** PROVIDED DATA follows **
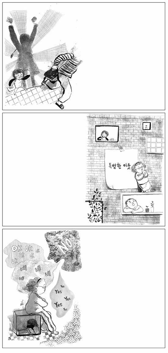 특별한 이웃은 이래라저래라 간섭하면서 깊이 상관하기보다 상대방을 인정하고 존중하며 응원하는 사람입니다. 저는 부모와 자식, 남편과 아내, 친구와 친구, 작가와 등장인물 등 모든 관계가 이렇듯 특별한 이웃이 되면 좋겠다고 생각합니다. - 글쓴이의 말 중에서
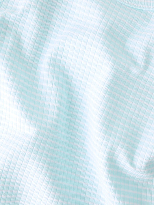 Kortärmad Topp Fikatie Ribbad Randig Turkos/Vit
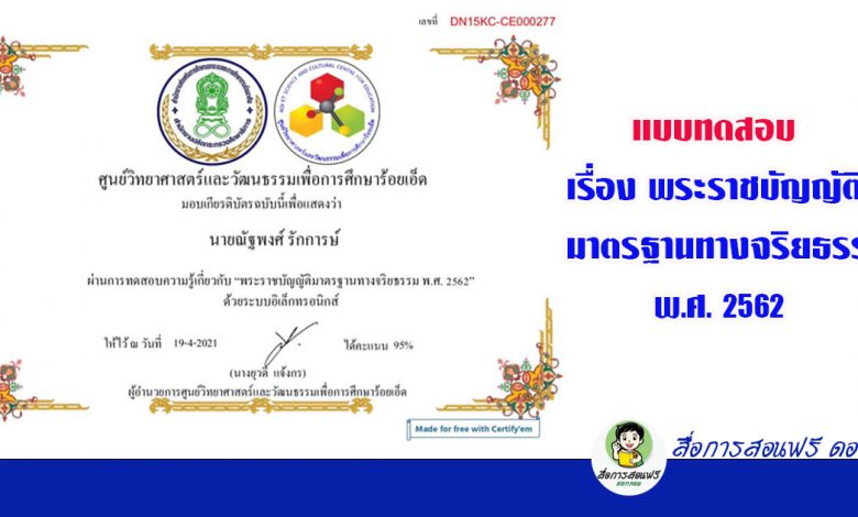 ขอเชิญทำแบบทดสอบ เรื่อง พระราชบัญญัติมาตรฐานทางจริยธรรม พ.ศ. 2562 โดย ศูนย์วิทยาศาสตร์และวัฒนธรรมเพื่อการศึกษาร้อยเอ็ด
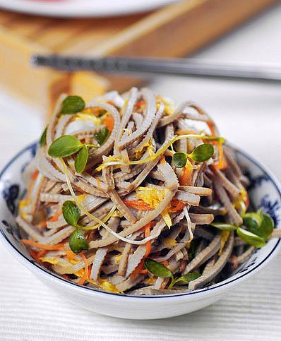 4)豆腐丝用开水稍烫一下捞出控干晾凉切成和菜丝一样长的段备用
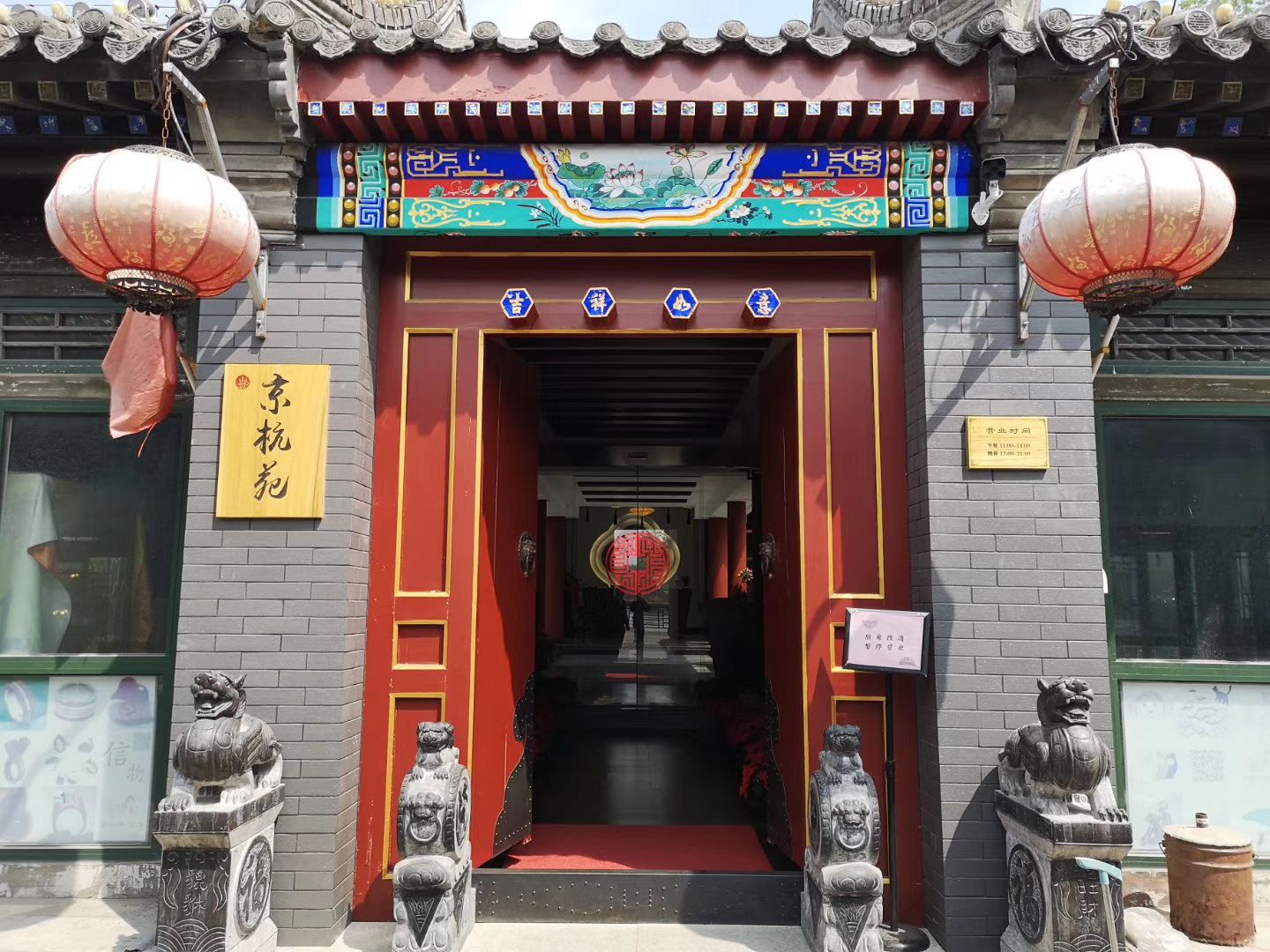 【徒步看北京】藏在漕运码头里的京杭苑 [微笑] 每年都要来通州大运河的漕运码头很多次 但今天刚刚发现在这漕运码头里竟藏着一家古色古香的餐厅。这就是隐藏在两家非物质文化遗产门店之间的京杭苑。 京杭苑看着门脸不大,但是一走进餐厅,你就会被这里浓郁的文化环境所吸引,这里既有北京文化的大气,又有江南文化的精致 行走通州大运河 看繁华尽往,唯有高朋满座美酒珍馐,才不负这跨越千年的良辰美景
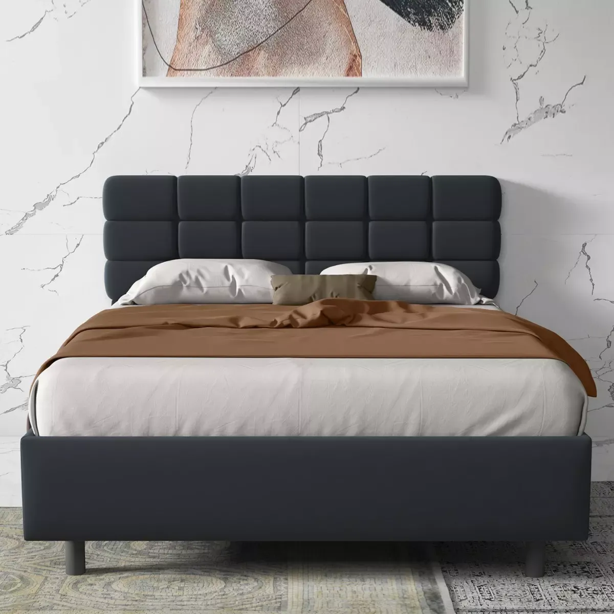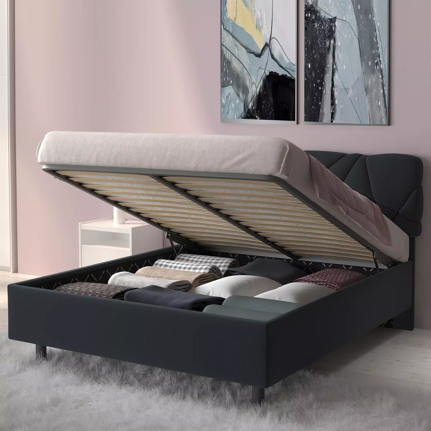 Letto contenitore matrimoniale Grigio antracite, imbottito
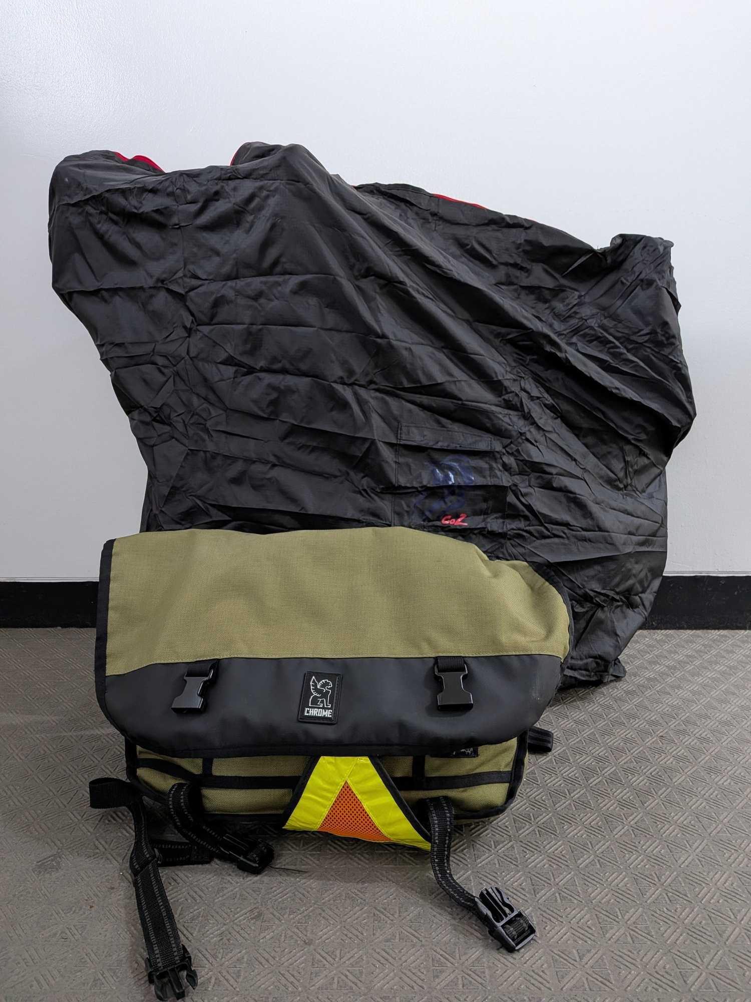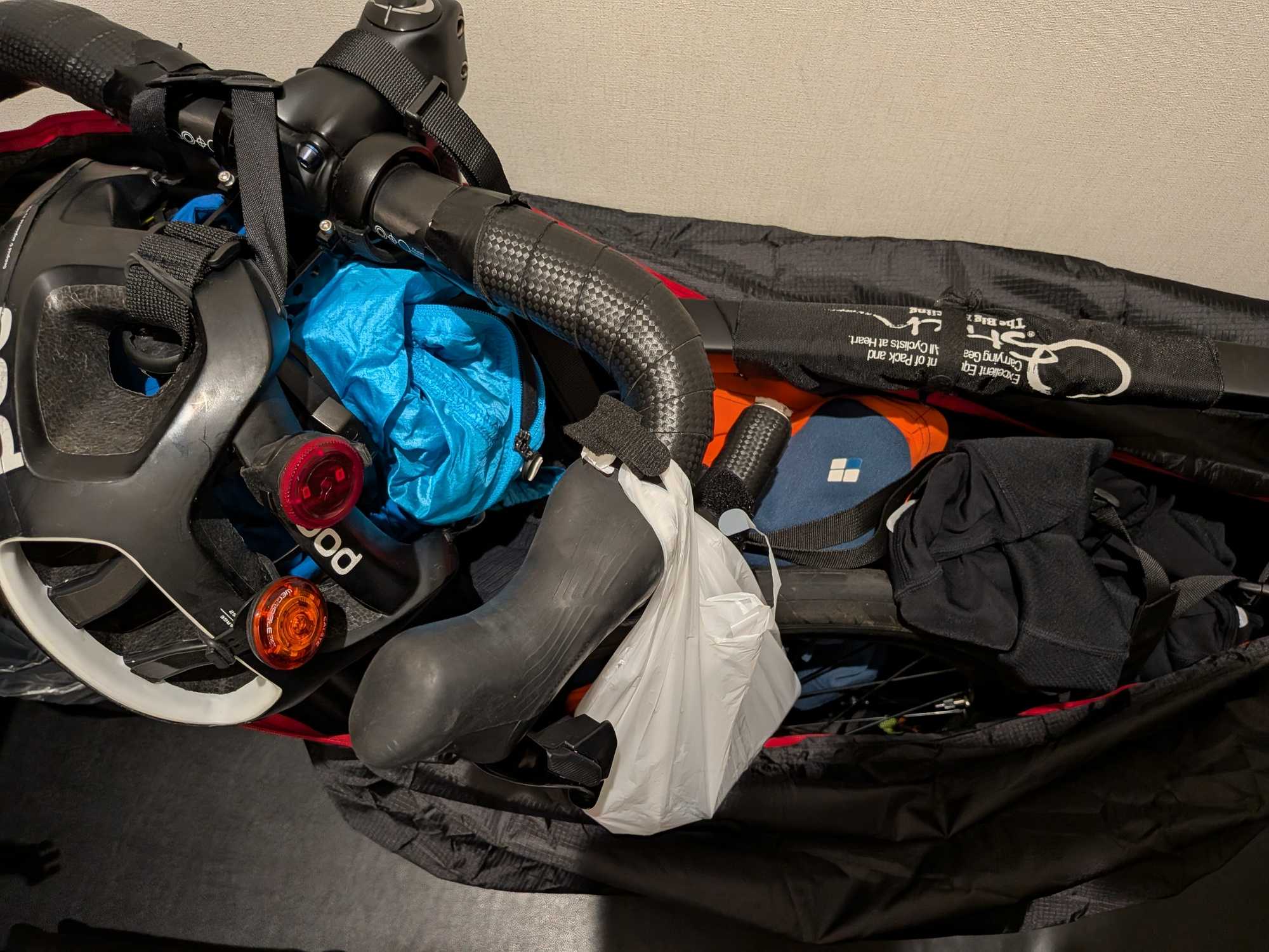 自転車に括り付けて、可能な限り輪行バッグ内に収納した。
** End of PROVIDED DATA **
Make an exact copy of every record, pictures excluded.

 특별한 이웃은 이래라저래라 간섭하면서 깊이 상관하기보다 상대방을 인정하고 존중하며 응원하는 사람입니다. 저는 부모와 자식, 남편과 아내, 친구와 친구, 작가와 등장인물 등 모든 관계가 이렇듯 특별한 이웃이 되면 좋겠다고 생각합니다. - 글쓴이의 말 중에서
 Kortärmad Topp Fikatie Ribbad Randig Turkos/Vit
 ขอเชิญทำแบบทดสอบ เรื่อง พระราชบัญญัติมาตรฐานทางจริยธรรม พ.ศ. 2562 โดย ศูนย์วิทยาศาสตร์และวัฒนธรรมเพื่อการศึกษาร้อยเอ็ด
 4)豆腐丝用开水稍烫一下捞出控干晾凉切成和菜丝一样长的段备用
 【徒步看北京】藏在漕运码头里的京杭苑 [微笑] 每年都要来通州大运河的漕运码头很多次 但今天刚刚发现在这漕运码头里竟藏着一家古色古香的餐厅。这就是隐藏在两家非物质文化遗产门店之间的京杭苑。 京杭苑看着门脸不大,但是一走进餐厅,你就会被这里浓郁的文化环境所吸引,这里既有北京文化的大气,又有江南文化的精致 行走通州大运河 看繁华尽往,唯有高朋满座美酒珍馐,才不负这跨越千年的良辰美景
 Letto contenitore matrimoniale Grigio antracite, imbottito
 自転車に括り付けて、可能な限り輪行バッグ内に収納した。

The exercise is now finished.